Top of page

Nausea and vomiting

This information gives suggestions to help cope with nausea (feeling sick) and vomiting (being sick) as side effects of treatment for lymphoma. We use the word ‘sickness’ throughout this information to refer to both.

On this page

What causes treatment-related sickness?

How might I be affected by sickness?

How likely am I to experience sickness?

Chemotherapy and sickness

Radiotherapy and sickness

Targeted drugs and sickness

Anti-sickness medication (antiemetics)

Non-drug treatments

Eating and drinking


What causes treatment-related sickness?

The aim of treatment for lymphoma is to destroy the lymphoma cells. However, it can also cause unwanted side effects.

Sickness can happen as a side effect of treatment if it activates a part of the brain called the chemoreceptor trigger zone (CTZ). The CTZ sends signals to the vomiting centre, which is part of the brain that controls feelings of nausea (feeling sick) and vomiting (being sick).

Chemotherapy, radiotherapy and some targeted drugs can trigger signals to the vomiting centre, via the CTZ. 

 

Nausea and sickness are side effects that people should not expect to put up with. There are so many effective anti-sickness medications and non-drug approaches available. Speak to your medical team for advice about how to manage feeling and being sick.

Charlotte Bloodworth, Advanced Nurse Practitioner in Haematology

Back to top


How might I be affected by sickness?

You might experience feeling sick (nausea) or being sick (vomiting). Some people get retching or dry heaves. These are automatic movements of the stomach (abdominal) muscles, just as when you vomit – the difference is that, with retching, you don’t actually vomit.

Types of sickness

There are different types of sickness: acute, anticipatory, delayed, breakthrough and refractory

Acute nausea

Acute nausea happens within 24 hours of having treatment. It can start within minutes or hours after treatment and usually goes away within a day.

Delayed nausea

Delayed or ‘late’ nausea starts after 24 hours of having treatment. This is more common with some types of chemotherapy drugs (for example cisplatin, cyclophosphamide, doxorubicin and ifosfamide) given at higher doses on two or more days in a row. It usually peaks after around 2 to 3 days and goes away within about a week.

Anticipatory nausea

Anticipatory nausea happens before (in anticipation of) treatment, usually if you have previously experienced sickness after treatment.
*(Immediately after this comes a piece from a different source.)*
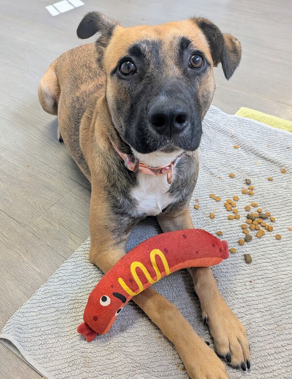 Kinsley should be welcomed indoors as part of the family, with her own cozy crate or "den" where she can retreat when feeling unsure. Once she trusts you, she bonds quickly and shows her gentle, loving nature. She's beginning to enjoy playtime, especially with soft squeaky toys, and it's wonderful to see her curiosity growing.

Sometimes, without conscious awareness, your brain makes links between having treatment and feeling sick. For example, you might start to feel sick just by going to the hospital. The hospital environment with its sights and smells could trigger the vomiting centre in your brain and lead to sickness. Typically, if anticipatory nausea happens, it starts after 3 or 4 cycles of chemotherapy.

Speak to your medical team if you experience anticipatory nausea so that they can help you to manage it. Because of the psychological basis of anticipatory nausea, anti-sickness (antiemetic) medication usually doesn’t help. However, there are other approaches that might help you, including behavioural strategies and complementary therapies

Types of sickness that can be more difficult to control

Sometimes, sickness can be more difficult to control. ‘Breakthrough sickness’ usually starts within 5 days of having treatment, even after having antiemetics to prevent it. Usually, it is effectively treated by making changes to your antiemetic medication – for example, the type, dose, or adding another type of drug to your prescription. 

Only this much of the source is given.